Heck: Where the Bad Kids Go is a part of the Heck collection.

WHEN MILTON AND Marlo Fauster die in a marshmallow bear explosion, they get sent straight to Heck, an otherworldly reform school. Milton can understand why his kleptomaniac sister is here, but Milton is—or was—a model citizen. Has a mistake been made? Not according to Bea “Elsa” Bubb, the Principal of Darkness. She doesn’t make mistakes. She personally sees to it that Heck—whether it be home-ec class with Lizzie Borden, ethics with Richard Nixon, or gym with Blackbeard the Pirate—is especially, well, heckish for the Fausters. Will Milton and Marlo find a way to escape? Or are they stuck here for all eternity, or until they turn 18, whichever comes first?
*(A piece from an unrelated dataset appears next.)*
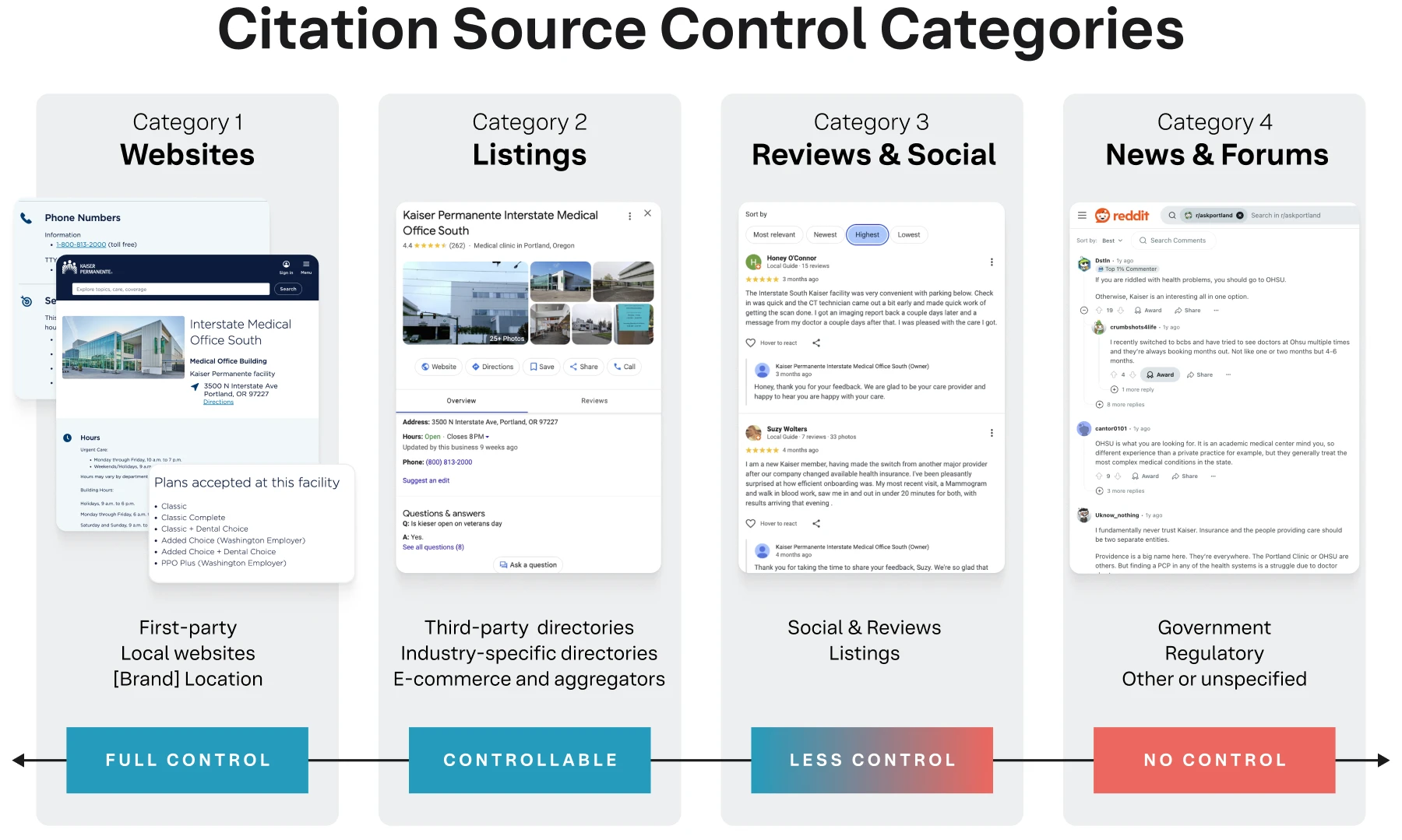 Foster conversations and user-generated content on social platforms that validate your brand’s key differentiators and market position. While forums like Reddit account for a small percentage of citations in location-based queries (~2%), they are still valuable for brand commentary and narrative shaping.

An Excerpt fromHeck: Where the Bad Kids Go

In Generica, Kansas, Christmas wasn’t something you felt in the chill of the winter air or the warmth of a generous smile. It was announced by the sixteen-foot tower of crystal angels at Grizzly Mall—the Mall of Generica.

And this year was no different—at first. Exhausted shoppers filed by, momentarily entranced by the shimmering, heart-faced, bare-bottomed cupids. That is, until Marlo Fauster smashed them to bits with the oar she’d stolen from Spoiled Sports Sporting Goods.

“Let’s go!” shrieked Marlo, a blue-haired, thirteen-going-on-thirty-year-old girl, to her gangly younger brother, Milton. Shards of shining wings and harps rained down around them.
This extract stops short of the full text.